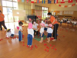 さくら組さんは玉入れ、ゆり組さんはボール運びレース、ひまわり組さんは二人三脚をしました。
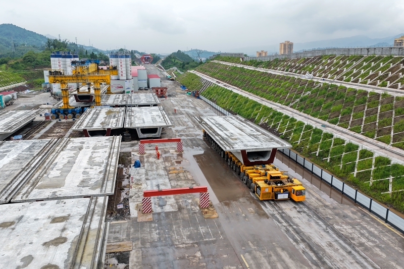 7月10日,在西渝高鐵陳家溝特大橋附近的制梁場,運(yùn)梁機(jī)在進(jìn)行箱梁轉(zhuǎn)運(yùn)作業(yè)。
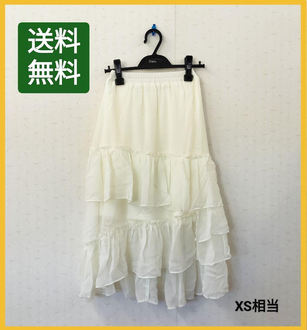 - 【送料無料】フリル ランダムティアード スカート アイボリー XS相当
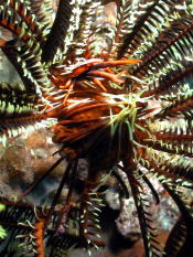 Breakfast was highlighted by my dropping a pat of melting butter in my journal - yea. The AC in my room was icing over, so they are working on it. Second and third dives were at "Midway Reef." Went down to see a red anemone at 75 feet and while I was looking at it spotted a young white tip shark under a ledge trying NOT to be seen. Huge schools of batfish - they are so unafraid of divers that I petted one.
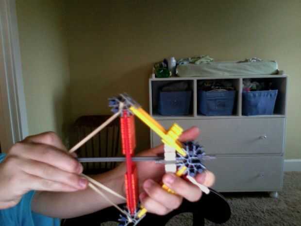 este Mini arco utiliza solamente 19 piezas y fuegos entre 35-45 pies, como siempre, dependiendo de los elasticos utilice.Es el arco más pequeño de KVG en este sitio, y he visto el 99% de KVG armas por lo que me debe de derecho.Este es mi primer instr

+===+

Print only the lines running from the one containing "7月10日,在西渝高鐵陳家溝" to the end of the data above, exactly; include no pictures.

 7月10日,在西渝高鐵陳家溝特大橋附近的制梁場,運(yùn)梁機(jī)在進(jìn)行箱梁轉(zhuǎn)運(yùn)作業(yè)。
 - 【送料無料】フリル ランダムティアード スカート アイボリー XS相当
 Breakfast was highlighted by my dropping a pat of melting butter in my journal - yea. The AC in my room was icing over, so they are working on it. Second and third dives were at "Midway Reef." Went down to see a red anemone at 75 feet and while I was looking at it spotted a young white tip shark under a ledge trying NOT to be seen. Huge schools of batfish - they are so unafraid of divers that I petted one.
 este Mini arco utiliza solamente 19 piezas y fuegos entre 35-45 pies, como siempre, dependiendo de los elasticos utilice.Es el arco más pequeño de KVG en este sitio, y he visto el 99% de KVG armas por lo que me debe de derecho.Este es mi primer instr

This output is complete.